Using different versions of a familiar tale, students divide and conquer to investigate differences and similarities between the texts. Break students into small groups and give each group member a different version of a familiar tale such as The Three Little Pigs. Students use a graphic organizer to detail important points of their story’s plot, characters and themes before reconvening and sharing with their group. Groups discuss the common aspects between all versions and the different directions that some versions took. Students choose two versions to write a compare and contrast essay.
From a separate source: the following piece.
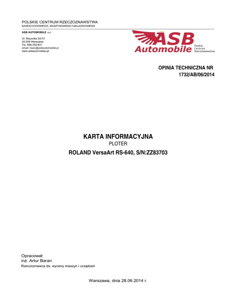 OPINIA TECHNICZNA NR 1732/AB/06/2014 KARTA INFORMACYJNA PLOTER ROLAND VersaArt RS-640, S/N:ZZ83703 Opracował: inż. Artur Baran Rzeczoznawca ds. wyceny maszyn i urządzeń Warszawa, dnia 28.06.2014 r. 2 01. ZAMAWIAJĄCY SG Equipment Leasing Polska Sp. z o.o. 00-102 Warszawa, ul. Marszałkowska 111 02. UŻYTKOWNIK Brak 03. PRZEDMIOT WYCENY PLOTER Roland Versa Art. RS-640 wyprodukowany/na przez firmę Roland DG Corporation Japonia 04. CEL WYCENY Celem wyceny jest oszacowanie indywidualnej wartości rynkowej maszyny Roland Versa Art. RS-640 05. PODSTAWA METODOLOGICZNA WYCENY Aby spełnić cel i przeznaczenie wyceny zdefiniowana w następujący sposób. określona zostanie wartość rynkowa środka technicznego WARTOŚĆ RYNKOWA jest definiowana jako racjonalnie określona ilość pieniędzy, którą chętny kupujący będzie skłonny zaoferować chętnemu sprzedającemu w zamian za przedmiot transakcji przy założeniu równości stron, bez istnienia żadnego przymusu wpływającego na decyzję o zakupie i sprzedaży, przy pełnej znajomości przedmiotu i okoliczności transakcji, w określonym czasie. Zakłada się odpowiednio długi czas wyeksponowania przedmiotu sprzedaży na nieograniczonym, tzn. o wolnym dostępie, rynku. Powyższa wartość uwzględnia m.in. rodzaj i zastosowanie maszyny, jej wytwórcę, konstrukcję, wyposażenie, stan techniczny, stopień zużycia i wiek środka technicznego, okres i sposób eksploatacji, a także warunki popytu i podaży określające atrakcyjność rynkową. Podstawą wyceny w wyżej wymienionym celu są: - szczegółowa identyfikacja przedmiotu wyceny, - ustalenia dotyczące kompletności i sprawności maszyny, - ustalenia dotyczące eksploatacji (warunki, czas, konserwacja, naprawa) i możliwości dalszego użytkowania. Wycena zostanie wykonana w podejściu porównawczym. W tym celu zostaną ustalone ceny ofertowe porównywalnych maszyn na rynku wtórnym. Podstawą porównania są dane zawarte w ofertach sprzętu używanego firm handlowych dostępne w Internecie tj. Karta informacyjnai nr 1732/AB/06/2014 Rzeczoznawca inż. Artur Baran 3 06. PODSTAWA WYCENY Wycenę wykonano w oparciu o oględziny z dnia 21.06.2014 w miejscowości Macierzysz, ul. Wojska Polskaiego 7 na terenie magazynu, gdzie znajduje się przedmiotowa maszyna. Oględziny przeprowadzono przy oświetleniu dziennym, bez użycia specjalistycznego sprzętu diagnostycznego. Maszyna nie była uruchomiana. W czasie oględzin nie przedstawiono żadnych dokumentów maszyny. 07. KWESTIONARIUSZ INFORMACYJNY ŚRODKA TECHNICZNEGO INFORMACJE OGÓLNE 1. Nazwa środka technicznego PLOTER 2. Wytwórca ROLAND 3. Model RS-640 4. Numer seryjny ZZ83703 5. Rok produkcji 2010 6. Czas pracy (odczytany) [h] b.d. PLOTER ROLAND RS-640 Ploter jest komputerowym urządzeniem peryferyjnym, służącym do pracy z dużymi płaskimi powierzchniami, mogące nanosić obrazy, wycinać wzory, grawerować, itp.. Plotery ten jest czterogłowicowym ploterem solwentowym pracującym w technologii CMYK. 7. Przeznaczenie 8. Technologia druku Piezoelektryczna 9. Max. szerokość nośnika [mm] 1625 10. Max. szerokość druku [mm] 1615 11. Max.średnica rolki nośnika [mm] 210 12. Max.waga rolki nośnika [kg] 40 13. Max.rozdzielczość druku [dpi] 1440 14. Max,szybkość druku [m2/h] 21,4 15. System podgrzewania materiału grzałka stołu pod głowicami i za głowicami regulowana w zakresie 30-45 C 16. Funkcja ochrony energii automatyczna 17. Zasilanie [V] AC 220-240 18. Pobór prądu w trakcie pracy [W] 1030 19. Pobór prądu w trakcie oczekiwania [W] 16 20. Wymiary [mm] 2,57 x 740 x 1103 21. Waga z podstawą [kg] 133 22. Pobór prądu w trakcie oczekiwania [W] 16 23. Wyposażenie podstawa plotera 24. Stan techniczny Urzadzenie w wizualnym dobrym stanie technicznym, zabezpieczone folią. Nie stwierdzono uszkodzeń mechanicznych Karta informacyjnai nr 1732/AB/06/2014 Rzeczoznawca inż. Artur Baran 4 ZASTRZEŻENIA OGRANICZAJĄCE 1. 2. 3. Powyższe oszacowanie określa: indywidualną wartość rynkową maszyny ustaloną w podejściu porównawczym. Podana wartość jest wartością netto. Wartość przedmiotu wyceny została ustalona na dzień sporządzenia wyceny. Niniejsze opracowanie nie może być wykorzystane do żadnego innego celu niż określony w punkcie 04 i nie może być publikowane w całości w jakimkolwiek dokumencie bez zgody wykonawców i bez uzgodnienia z nimi formy i treści takiej publikacji. 4. Rzeczoznawca nie bierze na siebie odpowiedzialności za wady ukryte (prawne i fizyczne) oraz ewentualne skutki wynikające z dalszego użytkowania przedmiotu wyceny, a także za skutki wykorzystania samej wyceny. 5. Wykonawca nie ponosi także odpowiedzialności za ewentualne wady wyceny powstałe z oparcia się na stanie przedmiotu wyceny wynikającym z przedstawionych mu przez użytkownika informacji, jeśli brak było podstaw do kwestionowania ich zgodności ze stanem rzeczywistym, lub też ustalenie stanu rzeczywistego przez wykonawcę było niemożliwe, lub znacznie utrudnione. Niniejsze oszacowanie wartości nie jest ekspertyzą stanu technicznego przedmiotów wyceny i za taką nie może być uznawane. 6. 7. 8. Powyższa wycena wartości w szczególności nie może być traktowana jako gwarancja sprzedaży przedmiotu wyceny za oszacowaną wartość. Nie badano tytułu użytkowania ani tytułu własności wycenianego obiektu oraz ewentualnego istnienia ograniczonych praw rzeczowych. Załączniki: 1. Dokumentacja fotograficzna. Opracował uprawniony rzeczoznawca ds. wyceny maszyn i urządzeń inż. Artur Baran Karta informacyjnai nr 1732/AB/06/2014 Rzeczoznawca inż. Artur Baran 5 DOKUMENTACJA FOTOGRAFICZNA Fot.1. Fot.2. Karta informacyjnai nr 1732/AB/06/2014 Rzeczoznawca inż. Artur Baran 6 DOKUMENTACJA FOTOGRAFICZNA Fot.3. Fot.4. Karta informacyjnai nr 1732/AB/06/2014 Rzeczoznawca inż. Artur Baran 7 DOKUMENTACJA FOTOGRAFICZNA Fot.5. Fot.6. Karta informacyjnai nr 1732/AB/06/2014 Rzeczoznawca inż. Artur Baran

2 Historical Investigation

Students investigate a nonfiction account of an important historical event and a fictional work based on that event to learn how fiction writers use historical facts but may take liberties for the sake of their stories. Focusing on an event such as the atomic bombing of Hiroshima, study as a class one nonfiction source and one historical fiction work. Direct students in filling out a graphic organizer to keep track of aspects where the two works were consistent and parts where the fictional work did not align with the nonfictional work. Students can then write an essay comparing and contrasting the portrayal of the event in the two sources to examine how close the fiction author stayed to the historical facts.

3 Propaganda Analysis

Students examine the similarities and differences between American and German propaganda posters from World War II to make inferences about the two warring governments. Show students multiple American and German propaganda posters, interpreting them as a whole class. Have students fill out a graphic organizer to note aspects that were present in propaganda from both sides and techniques that were unique to either country. Students can then write essays comparing and contrasting elements of American and German propaganda.

4 Holiday Comparisons

Students explore and compare holiday traditions from different cultures. Help students select and research two different holidays or celebrations from different cultures using print and online sources. Provide graphic organizers for students to document their findings. Have students write an essay comparing and contrasting the two traditions they researched, commenting on why certain elements were common in both traditions and why other elements were unique to either tradition. This assignment practices compare and contrast writing, engages research skills and exposes students to cultures that may be unfamiliar to them.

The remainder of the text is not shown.